Task statement:
An exact transcription of the entries is required, with no images included.

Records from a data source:
- Opening Delimiter -

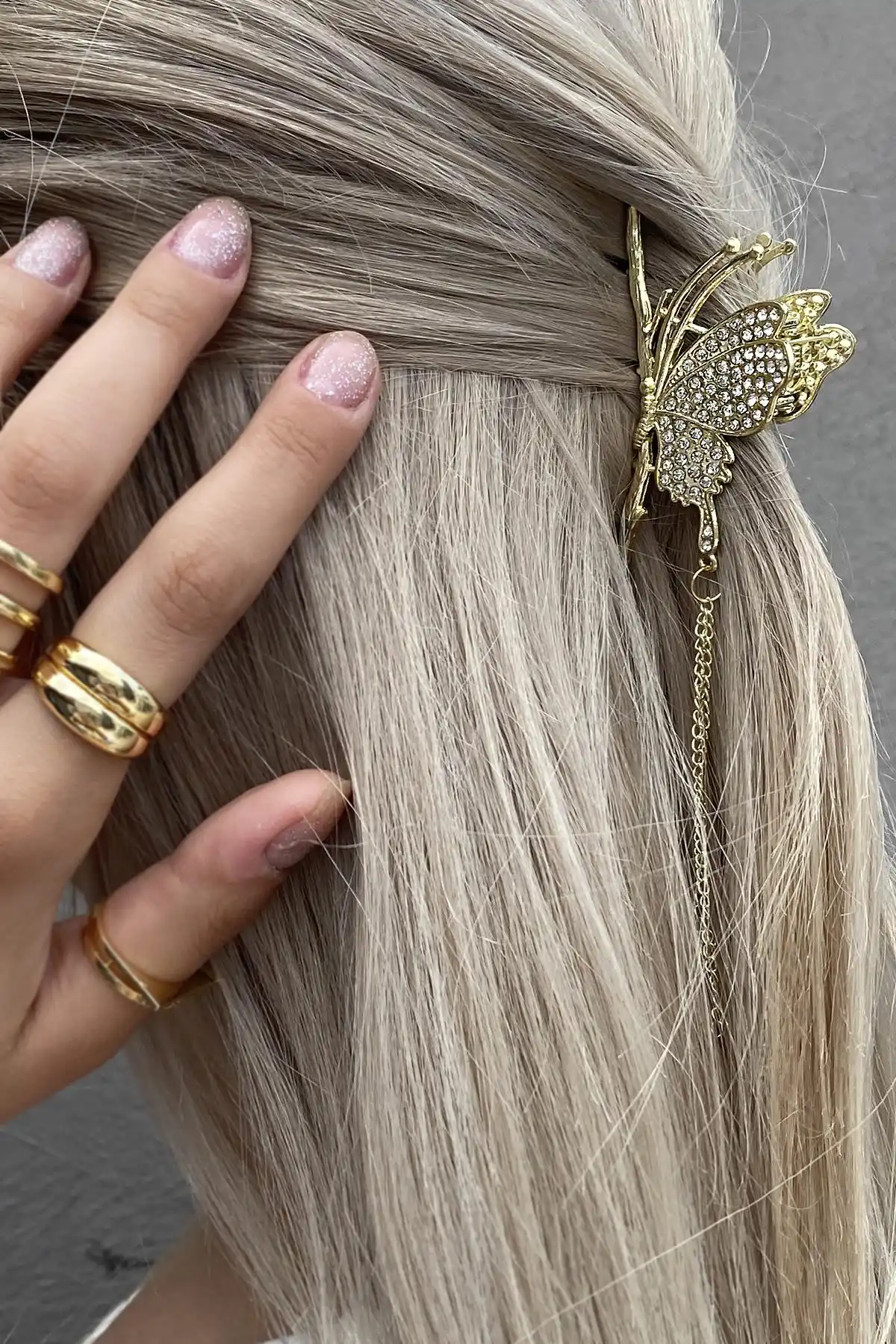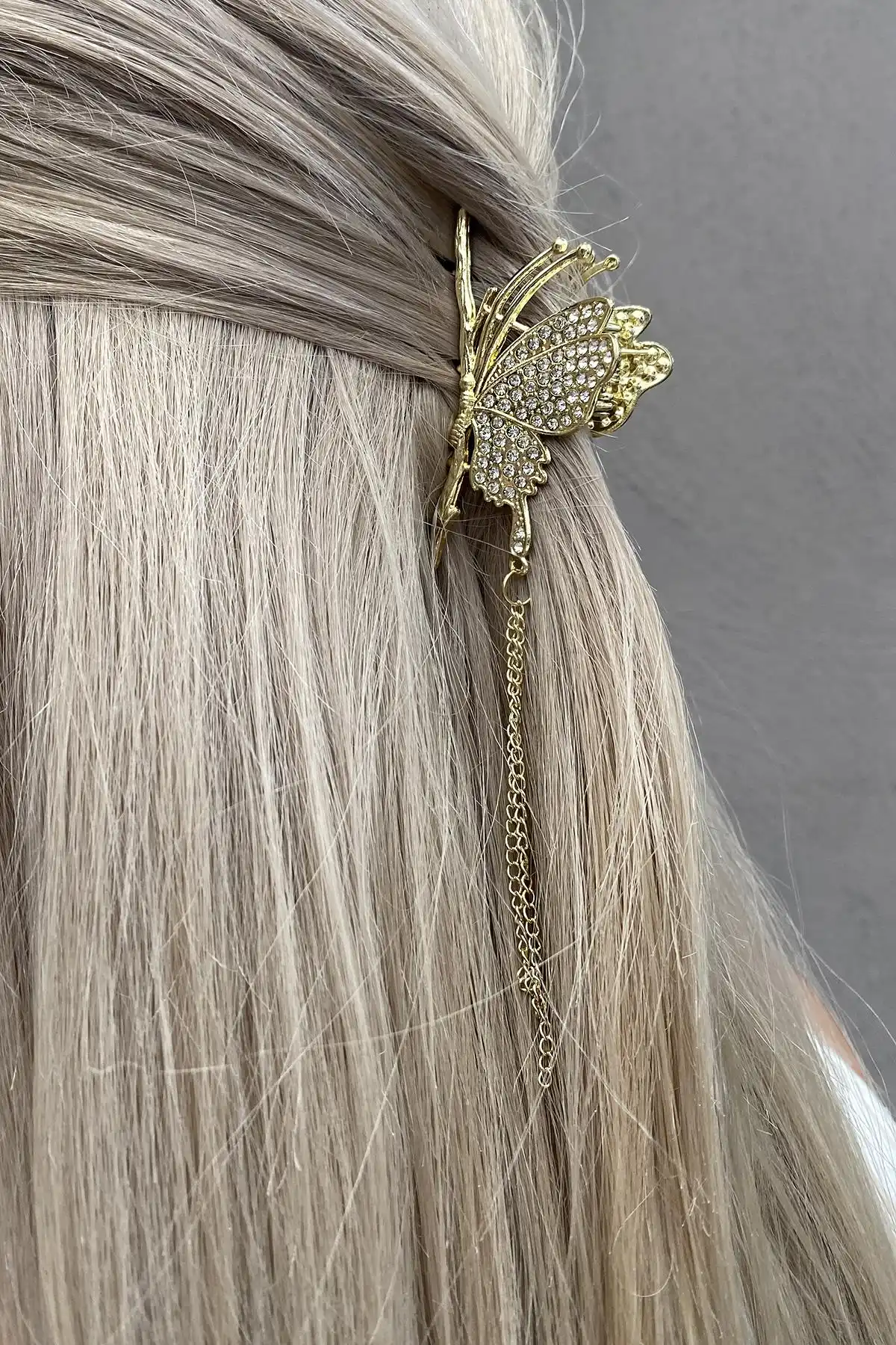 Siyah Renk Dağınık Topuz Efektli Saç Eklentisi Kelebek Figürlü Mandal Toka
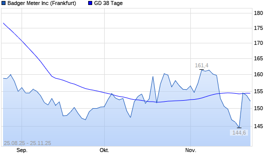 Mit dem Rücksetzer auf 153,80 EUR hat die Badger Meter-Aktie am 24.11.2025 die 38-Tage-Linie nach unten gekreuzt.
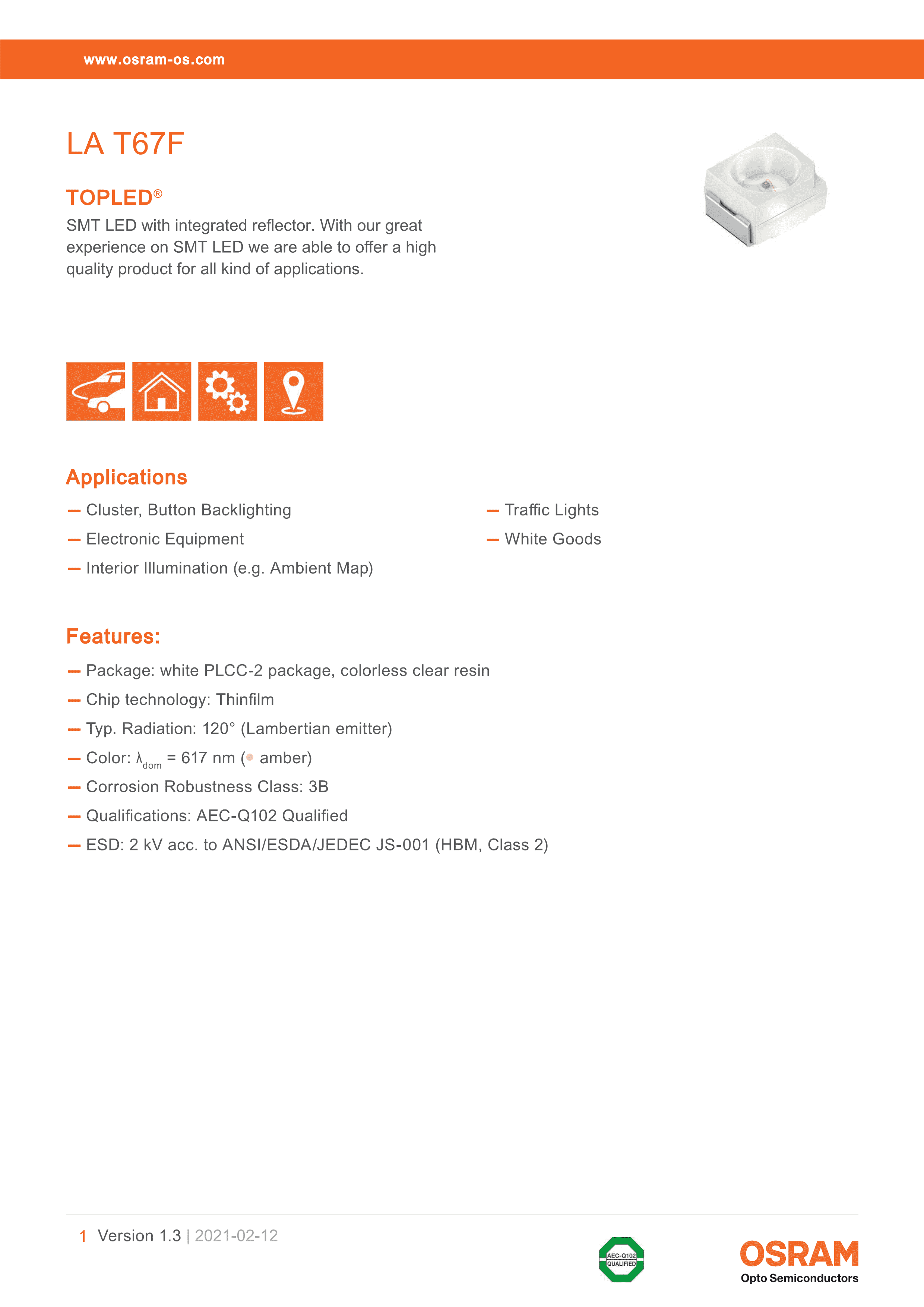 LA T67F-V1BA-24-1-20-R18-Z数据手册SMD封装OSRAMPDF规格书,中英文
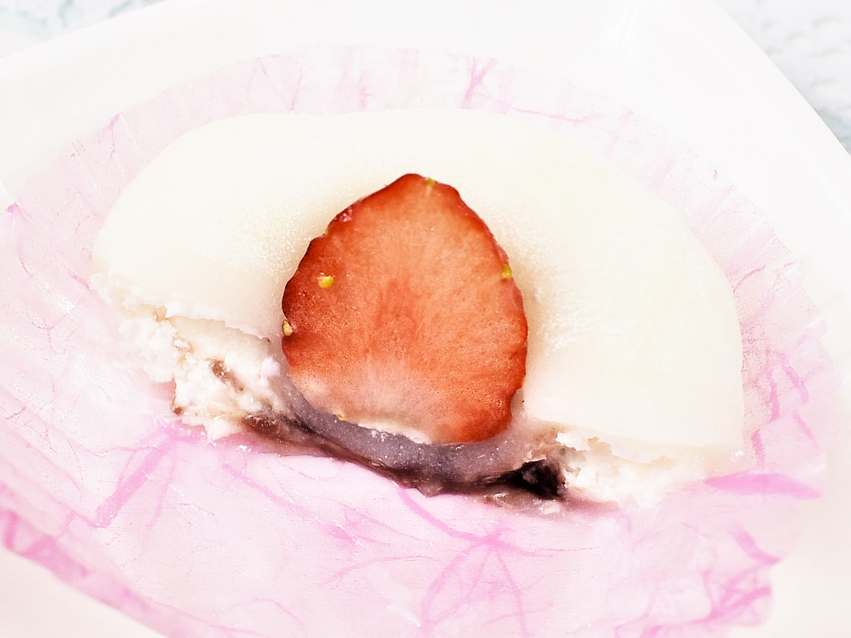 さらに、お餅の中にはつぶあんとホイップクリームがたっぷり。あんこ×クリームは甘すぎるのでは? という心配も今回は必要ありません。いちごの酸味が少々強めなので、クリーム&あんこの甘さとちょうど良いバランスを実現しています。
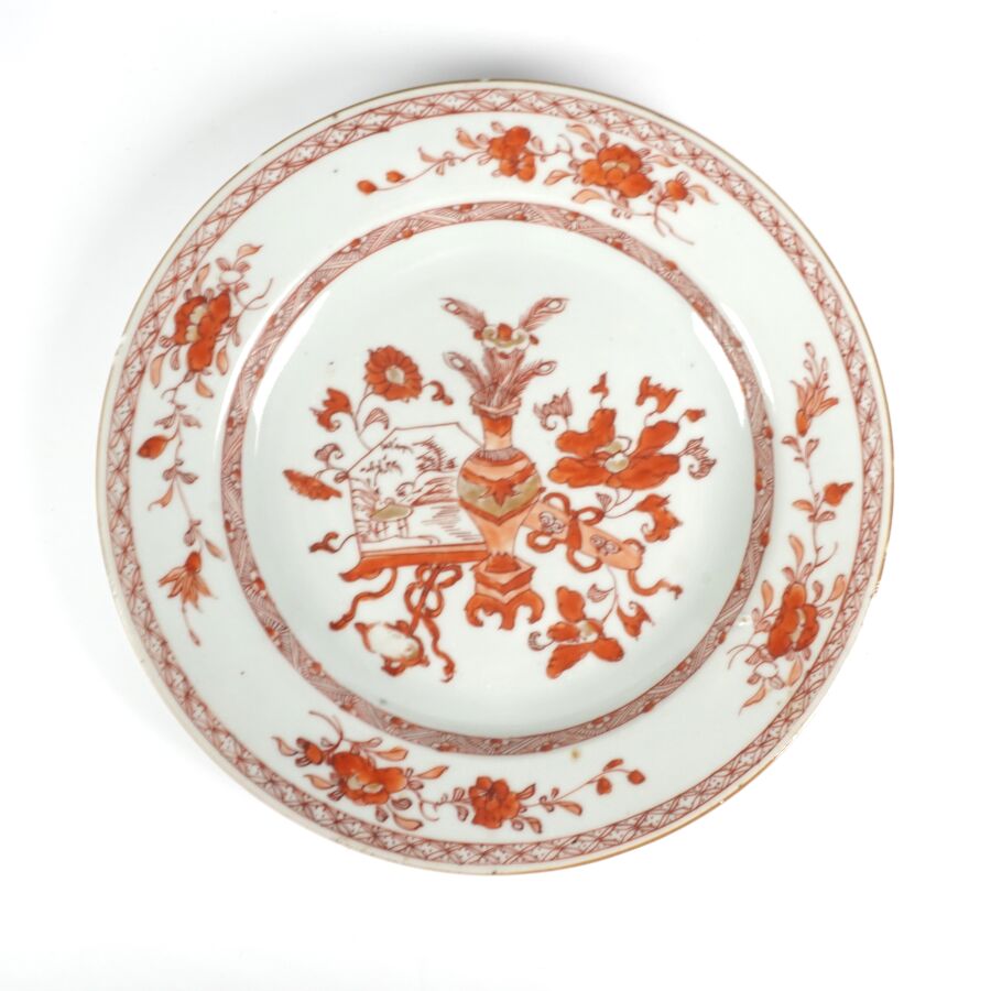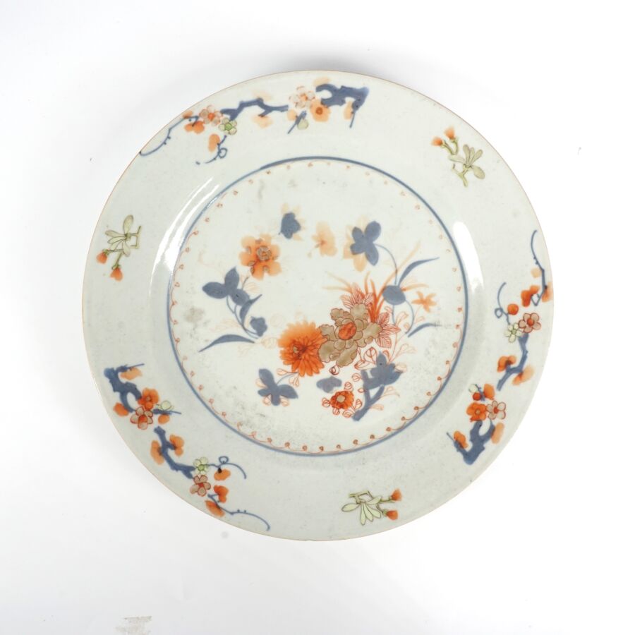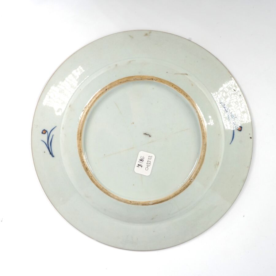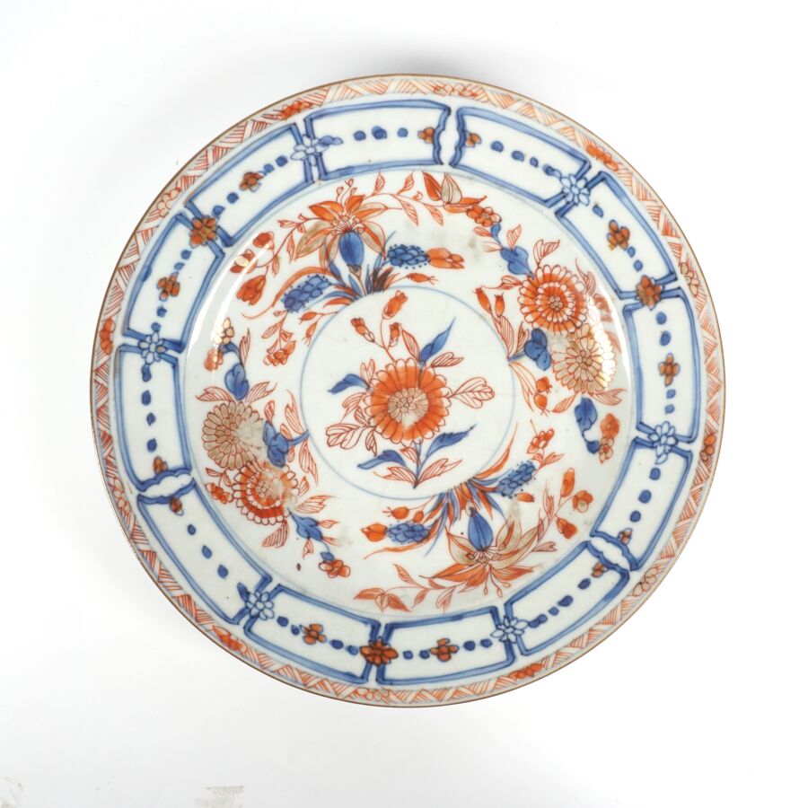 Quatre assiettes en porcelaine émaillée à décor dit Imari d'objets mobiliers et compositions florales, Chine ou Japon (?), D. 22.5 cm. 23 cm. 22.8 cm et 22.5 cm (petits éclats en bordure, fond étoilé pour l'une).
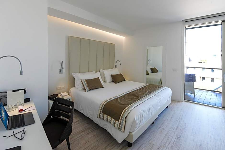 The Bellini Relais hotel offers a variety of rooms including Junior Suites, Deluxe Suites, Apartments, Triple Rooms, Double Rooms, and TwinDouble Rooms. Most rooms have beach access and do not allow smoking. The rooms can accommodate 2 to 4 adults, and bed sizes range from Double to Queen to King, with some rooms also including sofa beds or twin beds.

- Closing Delimiter -

Expected output:
 Siyah Renk Dağınık Topuz Efektli Saç Eklentisi Kelebek Figürlü Mandal Toka
 Mit dem Rücksetzer auf 153,80 EUR hat die Badger Meter-Aktie am 24.11.2025 die 38-Tage-Linie nach unten gekreuzt.
 LA T67F-V1BA-24-1-20-R18-Z数据手册SMD封装OSRAMPDF规格书,中英文
 さらに、お餅の中にはつぶあんとホイップクリームがたっぷり。あんこ×クリームは甘すぎるのでは? という心配も今回は必要ありません。いちごの酸味が少々強めなので、クリーム&あんこの甘さとちょうど良いバランスを実現しています。
 Quatre assiettes en porcelaine émaillée à décor dit Imari d'objets mobiliers et compositions florales, Chine ou Japon (?), D. 22.5 cm. 23 cm. 22.8 cm et 22.5 cm (petits éclats en bordure, fond étoilé pour l'une).
 The Bellini Relais hotel offers a variety of rooms including Junior Suites, Deluxe Suites, Apartments, Triple Rooms, Double Rooms, and TwinDouble Rooms. Most rooms have beach access and do not allow smoking. The rooms can accommodate 2 to 4 adults, and bed sizes range from Double to Queen to King, with some rooms also including sofa beds or twin beds.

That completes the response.